Courtney: How do you feel this moment changing your own parenting?
Molly: Low bar. It’s all about the low bar and presence. I’ve told friends I'm running “low bar camp” at my house. I’ve always tended to give my kids a pile of sticks and say “make something if you like.” All of the homeschooling plans and current options and ways to visit a virtual zoo or museum are incredible and then overwhelm the F out of me. You mean, I have to make a plan for all this stuff, too, so my kids can be learning at the highest caliber? Ugh. I don’t think so.

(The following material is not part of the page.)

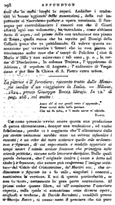 La pittrice e il forestiere; racconto tratto dalle Memorie inedite d'un viaggiatore in Italia. — Milano, 1824, presso Giuseppe Bocca librajo. In 12.° di pag. 268, col motto:

I get it. We need to occupy the kids so we can work at the same time. It’s real. And still, I want to make it as easy and simple as possible. I’ve had to set new boundaries with them: I am exercising now to take care of my body so I can have energy for myself and our family, I am working and you can’t interrupt me unless you really need something. My greatest joy is when I see them come up with a game out of nothing. Like a rock becomes the wheel for a train that is the couch and they are having the time of their lives.
This moment has REALLY made me understand the importance of slow and less rush. My kids are happier. They are happy to be home. They are happy to not be thrown in the car at 8am to rush off to school. I’m doing some deep thinking about how to transition to a new normal after coronavirus. What will it look like? How can I create more slow? I've always wanted it and we actually have a lot of it here, but the collective rush is hard to pry away from. The slow has also given me permission (why did I need permission?) to just be more with my kids-- we’ve baked and eaten an insane amount of cookies, and I’m not a cookie baker. I also have loosened some of my hard lines, like screen time.
I’ve loosened in general. This time has invited me to identify my essentials: love, presence, food, simple, slow. Less pressure on parents to “be something” other than human beings who love and make mistakes and love again.